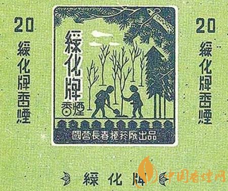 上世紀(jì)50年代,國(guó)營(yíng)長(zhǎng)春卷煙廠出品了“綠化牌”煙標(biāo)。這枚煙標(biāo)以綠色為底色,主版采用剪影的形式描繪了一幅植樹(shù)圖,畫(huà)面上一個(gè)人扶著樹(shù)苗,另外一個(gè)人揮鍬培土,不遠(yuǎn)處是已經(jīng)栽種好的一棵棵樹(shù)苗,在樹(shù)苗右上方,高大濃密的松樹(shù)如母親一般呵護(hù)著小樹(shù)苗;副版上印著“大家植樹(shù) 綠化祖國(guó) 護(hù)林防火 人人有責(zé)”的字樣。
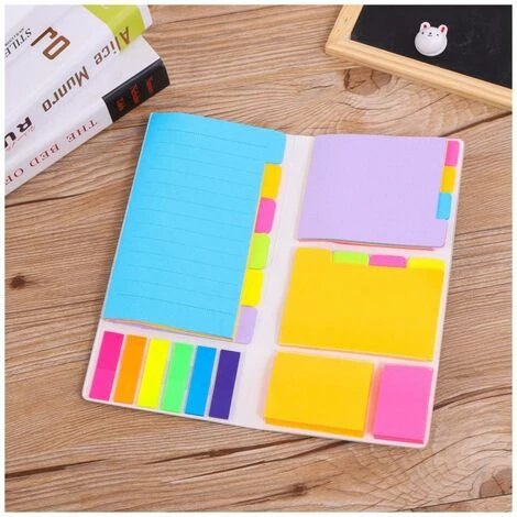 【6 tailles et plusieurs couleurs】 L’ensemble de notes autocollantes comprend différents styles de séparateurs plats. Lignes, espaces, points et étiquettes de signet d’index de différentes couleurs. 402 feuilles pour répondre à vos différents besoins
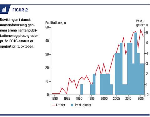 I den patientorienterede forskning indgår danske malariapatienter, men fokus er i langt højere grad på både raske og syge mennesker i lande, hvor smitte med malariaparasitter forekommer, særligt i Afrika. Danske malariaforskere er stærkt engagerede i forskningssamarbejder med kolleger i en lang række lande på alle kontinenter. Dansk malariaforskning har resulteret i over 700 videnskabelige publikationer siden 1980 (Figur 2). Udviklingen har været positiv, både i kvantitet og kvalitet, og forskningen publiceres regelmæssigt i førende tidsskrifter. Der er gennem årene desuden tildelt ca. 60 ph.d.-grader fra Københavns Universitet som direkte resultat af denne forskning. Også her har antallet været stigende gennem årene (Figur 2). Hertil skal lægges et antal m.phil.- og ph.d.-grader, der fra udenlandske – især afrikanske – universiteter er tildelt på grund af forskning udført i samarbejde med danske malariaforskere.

...

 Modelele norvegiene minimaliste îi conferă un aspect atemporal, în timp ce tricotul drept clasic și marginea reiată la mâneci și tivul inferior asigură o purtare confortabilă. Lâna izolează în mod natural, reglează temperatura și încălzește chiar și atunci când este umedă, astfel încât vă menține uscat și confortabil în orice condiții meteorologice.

* **Instructions for the task**: Using the records above, repeat exactly the run of lines that starts with the line with "vos différents besoins" and goes on through the line with "I den patientorienterede"; omit each picture.

* **Result for this exercise**:
 【6 tailles et plusieurs couleurs】 L’ensemble de notes autocollantes comprend différents styles de séparateurs plats. Lignes, espaces, points et étiquettes de signet d’index de différentes couleurs. 402 feuilles pour répondre à vos différents besoins
 I den patientorienterede forskning indgår danske malariapatienter, men fokus er i langt højere grad på både raske og syge mennesker i lande, hvor smitte med malariaparasitter forekommer, særligt i Afrika. Danske malariaforskere er stærkt engagerede i forskningssamarbejder med kolleger i en lang række lande på alle kontinenter. Dansk malariaforskning har resulteret i over 700 videnskabelige publikationer siden 1980 (Figur 2). Udviklingen har været positiv, både i kvantitet og kvalitet, og forskningen publiceres regelmæssigt i førende tidsskrifter. Der er gennem årene desuden tildelt ca. 60 ph.d.-grader fra Københavns Universitet som direkte resultat af denne forskning. Også her har antallet været stigende gennem årene (Figur 2). Hertil skal lægges et antal m.phil.- og ph.d.-grader, der fra udenlandske – især afrikanske – universiteter er tildelt på grund af forskning udført i samarbejde med danske malariaforskere.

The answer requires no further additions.